Browser compatibility really comes down to several separate things: * HTML/CSS/JavaScript feature support -- does the browser actually supply the things we need? * Bugginess -- do the browser features we make use of work as expected? * Feasibility of workaround -- can a little code fix it, or is there a fundamental limitation we're stuck with? (Crashing browsers are hard to work around except by disabling a feature, for instance...) * Cost/benefit of degrading/disabling the feature -- is the feature actually needed, or can folks ignore it or work around it?
These are going to balance out differently depending on the wiki feature, on the browser features it depends on, on what the feature does/is used for, and the relative ease of user workarounds like updating or using another browser.
In the specific case of VisualEditor, that project should have its own compatibility policy, which I would expect to be more stringent than the general read-the-text-on-the-wiki compatibility requirements (which accommodates all kinds of weird stuff like "no CSS support" and "JavaScript is disabled").
If we must set a blanket policy for MediaWiki, I think it should be pretty general, something like: * *current* release of all major browsers with 'evergreen' releases (Chrome, Firefox, Safari) * a chosen *subset* of major versions of IE * a clear expectation that some advanced features won't work with some versions of some browsers, and a sane policy for acceptable fallbacks?
Fallback examples: * VisualEditor -> editable source with preview button * drag-n-drop photo upload -> upload photo by clicking on a button * video -> still photo(s) * 3d rotating molecule viewer -> still photo of molecule * GPS -> geo-IP lookup * round corners -> square corners
-- brion
On 07/05/2013 06:44 PM, Brion Vibber wrote:
These are going to balance out differently depending on the wiki feature, on the browser features it depends on, on what the feature does/is used for, and the relative ease of user workarounds like updating or using another browser.
Agreed.
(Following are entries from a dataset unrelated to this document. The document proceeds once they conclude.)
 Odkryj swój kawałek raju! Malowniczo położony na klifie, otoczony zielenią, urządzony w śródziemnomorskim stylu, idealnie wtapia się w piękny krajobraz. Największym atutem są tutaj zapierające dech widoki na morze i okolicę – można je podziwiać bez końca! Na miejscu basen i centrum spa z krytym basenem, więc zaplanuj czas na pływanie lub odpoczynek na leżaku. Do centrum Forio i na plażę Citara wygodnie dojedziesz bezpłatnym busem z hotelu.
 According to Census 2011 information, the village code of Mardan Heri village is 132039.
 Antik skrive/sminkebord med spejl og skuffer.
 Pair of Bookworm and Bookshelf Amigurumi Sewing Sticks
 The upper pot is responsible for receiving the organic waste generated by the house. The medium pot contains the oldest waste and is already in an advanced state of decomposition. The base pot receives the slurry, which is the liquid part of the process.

I think we should set a go-to baseline, while allowing considered deviations (e.g. VisualEditor temporarily supporting no Internet Explorer version but having it as a part of their roadmap).
It's also important to set what browsers we absolutely won't crash or throw JS errors for (even if full functionality isn't there) (this should be automatically testable in most cases).
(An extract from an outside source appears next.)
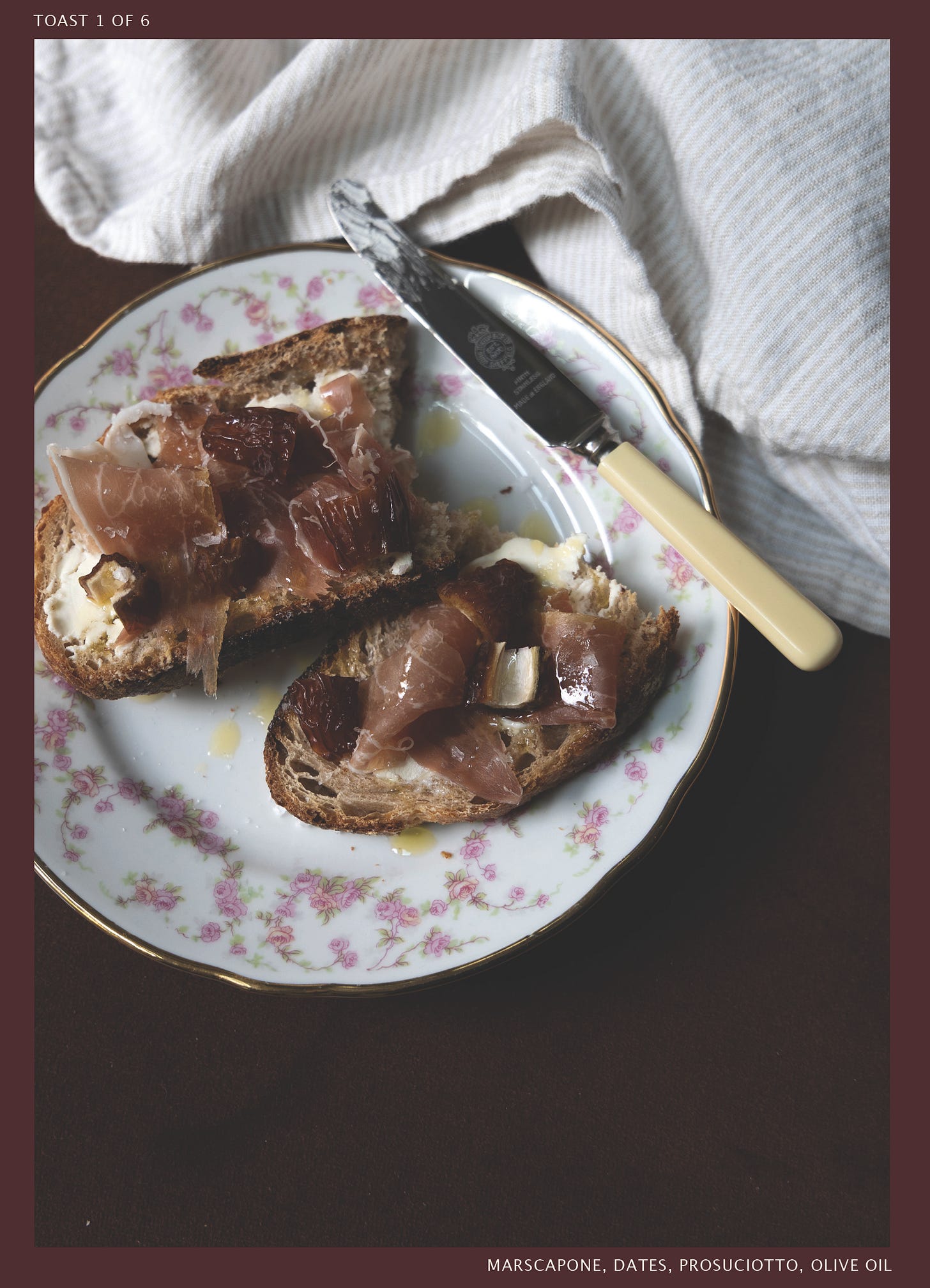 Toss a hearty slice of sourdough or two into the toaster. While it is toasting, roughly chop a few dates, tear a couple of pieces of prosciutto, and take the mascarpone out of the fridge. Once the toast is ready, I like to grab a garlic clove and rub it over both sides of the bread and drizzle olive oil. Then, once slightly cooled (I don’t want the mascarpone to melt), I will spread a nice layer of the mascarpone, layer it with the prosciutto di Parma, dot it with dates, and finish it once more with a healthy drizzle of good extra-virgin olive oil and flaky sea salt.

If we must set a blanket policy for MediaWiki, I think it should be pretty general, something like:
- *current* release of all major browsers with 'evergreen' releases
(Chrome, Firefox, Safari)
- a chosen *subset* of major versions of IE
- a clear expectation that some advanced features won't work with some
versions of some browsers, and a sane policy for acceptable fallbacks?
Agreed, that's kind of reflected in the current (deprecated) Class A/Class B, though it could be more clear, and people are not happy with the current actual versions (e.g. IE6+ being class B).
Another example:
search auto-complete -> search
Auto-complete is a feature people expect for "modern" browsers, but it's okay to just provide search for the others.
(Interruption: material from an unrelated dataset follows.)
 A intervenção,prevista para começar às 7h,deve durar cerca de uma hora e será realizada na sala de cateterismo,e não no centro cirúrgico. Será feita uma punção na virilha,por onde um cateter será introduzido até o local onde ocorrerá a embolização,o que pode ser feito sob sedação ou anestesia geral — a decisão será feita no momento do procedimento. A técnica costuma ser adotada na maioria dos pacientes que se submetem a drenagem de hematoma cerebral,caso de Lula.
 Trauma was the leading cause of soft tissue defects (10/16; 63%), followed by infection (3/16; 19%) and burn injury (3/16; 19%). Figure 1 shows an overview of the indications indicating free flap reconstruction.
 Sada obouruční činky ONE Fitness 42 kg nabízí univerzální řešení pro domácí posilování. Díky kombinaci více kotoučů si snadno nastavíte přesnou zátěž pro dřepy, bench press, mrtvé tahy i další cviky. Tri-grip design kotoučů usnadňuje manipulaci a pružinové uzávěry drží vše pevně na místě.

Of course, we should use feature detection to avoid throwing errors, and support extra browsers when possible.
Matt Flaschen
On 7/6/13 12:44 AM, Brion Vibber wrote:
If we must set a blanket policy for MediaWiki, I think it should be pretty general, something like:
- *current* release of all major browsers with 'evergreen' releases
(Chrome, Firefox, Safari)
- a chosen *subset* of major versions of IE
- a clear expectation that some advanced features won't work with some
versions of some browsers, and a sane policy for acceptable fallbacks?
Safari is a bit complex, because Apple forks stable branches for different versions of OS X, so it's not quite an evergreen browser. *But* these stable branches sometimes have significant back-end rendering functionality quietly backported into their point releases. That can make assuming the latest version of the rendering engine is everywhere close to correct, but not always. The currently maintained branches are 5.1.x (OS X 10.6) and 6.x (OS X 10.7, 10.8). The 5.0.x branch (OS X 10.5) is definitely on an older rendering engine, since it hasn't had a point release since 2011; its market share is declining but still has around 10% of Safari users.